* [YOUR GOAL] Include the line with "As new central" and every line before it in the entries below, echoed exactly, but not the pictures.

* [SOURCE MATERIAL]
──────────
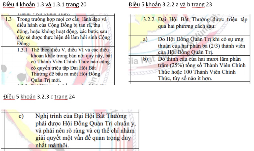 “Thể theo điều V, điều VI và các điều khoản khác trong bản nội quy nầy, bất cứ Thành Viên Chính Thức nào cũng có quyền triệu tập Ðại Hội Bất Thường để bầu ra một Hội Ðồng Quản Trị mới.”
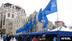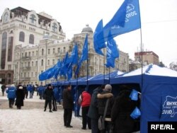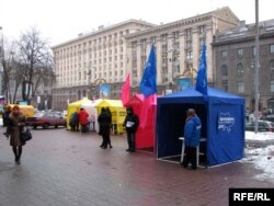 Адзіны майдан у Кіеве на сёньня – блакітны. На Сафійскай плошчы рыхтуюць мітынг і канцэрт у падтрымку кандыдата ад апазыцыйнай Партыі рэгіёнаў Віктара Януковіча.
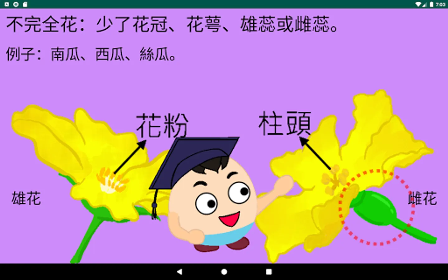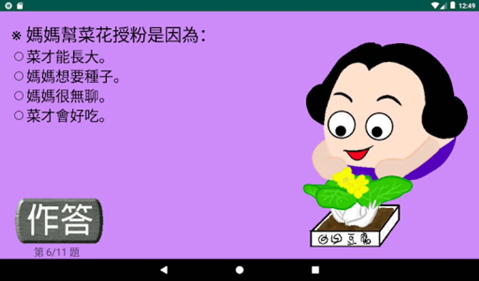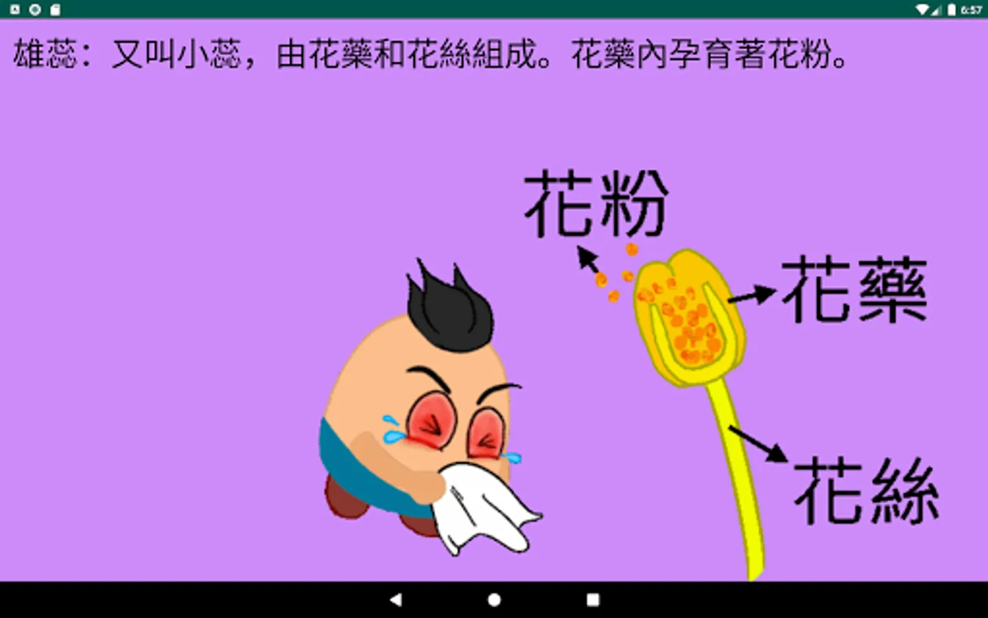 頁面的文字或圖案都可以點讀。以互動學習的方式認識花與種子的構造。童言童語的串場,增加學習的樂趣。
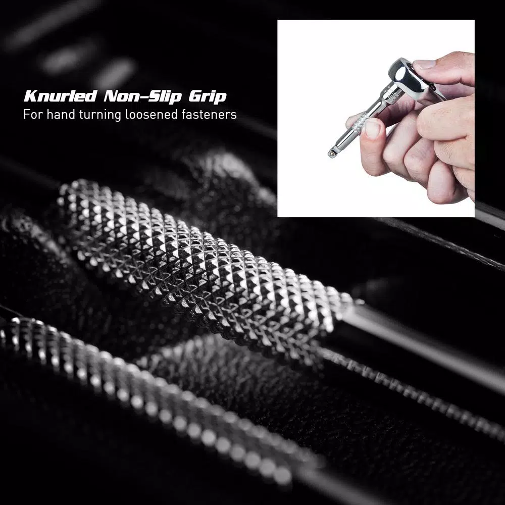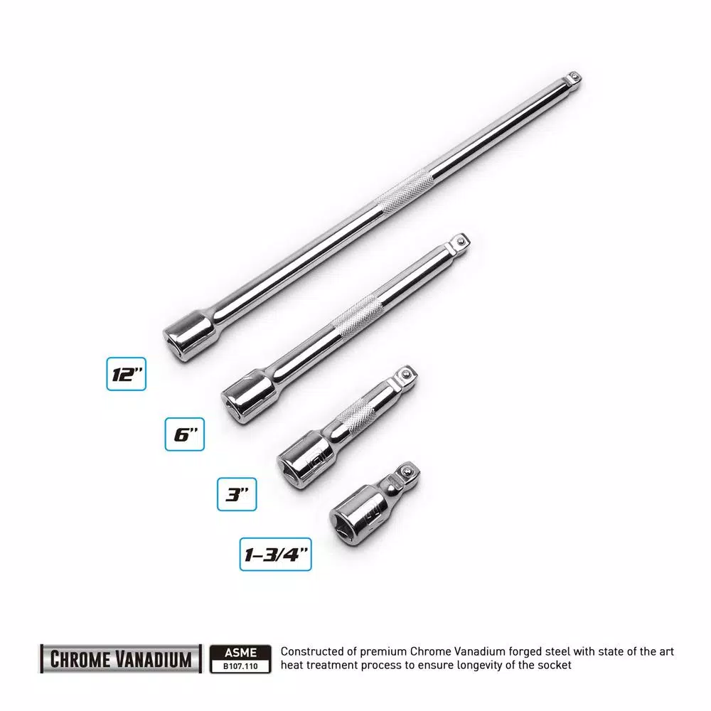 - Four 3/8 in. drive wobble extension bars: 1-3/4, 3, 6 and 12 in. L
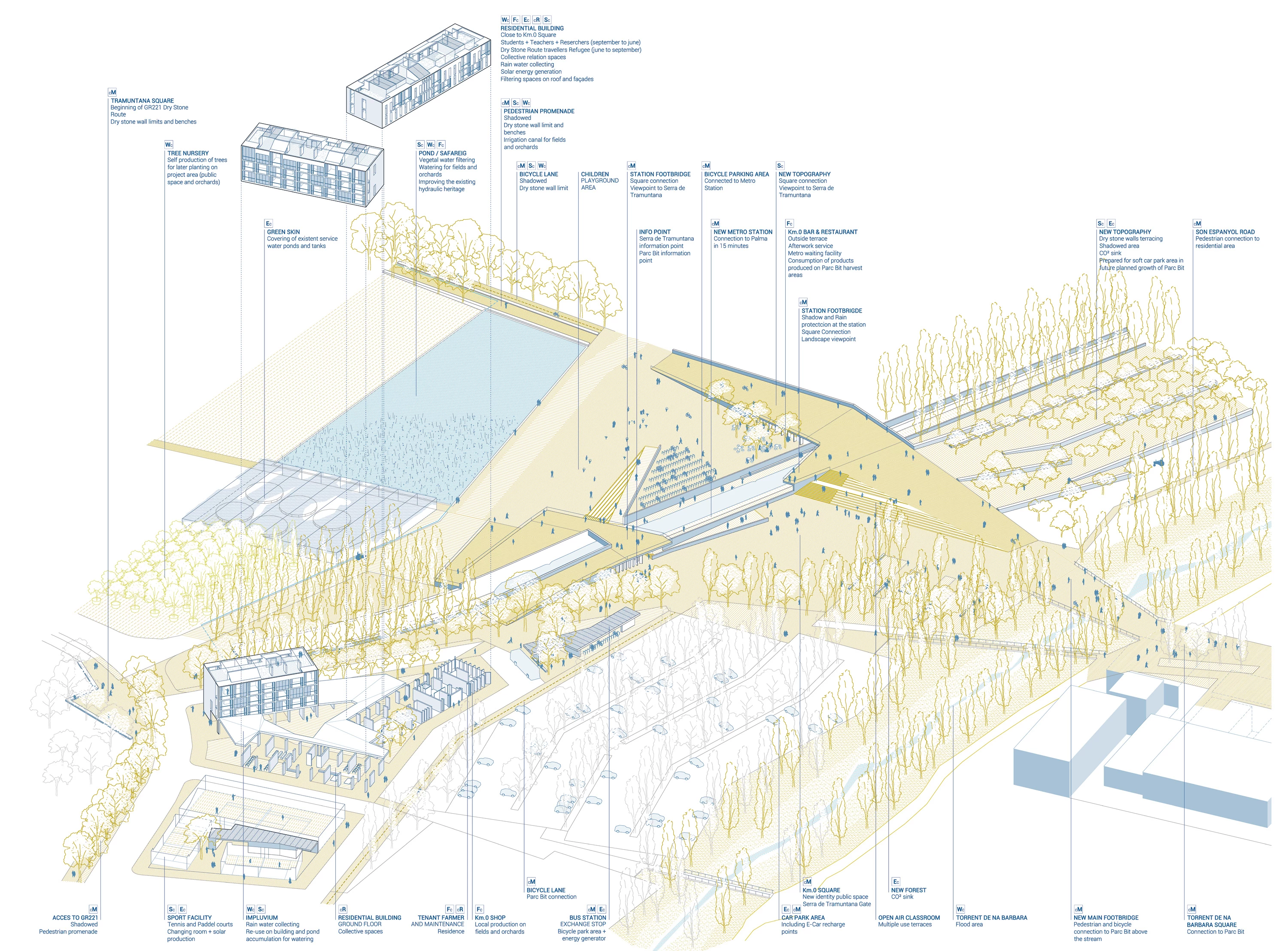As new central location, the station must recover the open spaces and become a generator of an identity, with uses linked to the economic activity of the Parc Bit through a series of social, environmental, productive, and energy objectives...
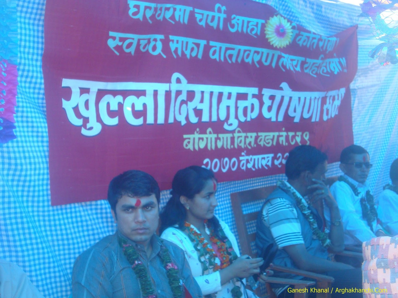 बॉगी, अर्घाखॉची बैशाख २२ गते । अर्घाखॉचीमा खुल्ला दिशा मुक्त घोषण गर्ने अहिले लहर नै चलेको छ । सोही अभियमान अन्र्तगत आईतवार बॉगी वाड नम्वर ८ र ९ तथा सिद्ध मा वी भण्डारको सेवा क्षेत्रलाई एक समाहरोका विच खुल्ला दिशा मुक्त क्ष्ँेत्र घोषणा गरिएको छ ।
──────────
* [RESPONSE AREA]
 “Thể theo điều V, điều VI và các điều khoản khác trong bản nội quy nầy, bất cứ Thành Viên Chính Thức nào cũng có quyền triệu tập Ðại Hội Bất Thường để bầu ra một Hội Ðồng Quản Trị mới.”
 Адзіны майдан у Кіеве на сёньня – блакітны. На Сафійскай плошчы рыхтуюць мітынг і канцэрт у падтрымку кандыдата ад апазыцыйнай Партыі рэгіёнаў Віктара Януковіча.
 頁面的文字或圖案都可以點讀。以互動學習的方式認識花與種子的構造。童言童語的串場,增加學習的樂趣。
 - Four 3/8 in. drive wobble extension bars: 1-3/4, 3, 6 and 12 in. L
As new central location, the station must recover the open spaces and become a generator of an identity, with uses linked to the economic activity of the Parc Bit through a series of social, environmental, productive, and energy objectives...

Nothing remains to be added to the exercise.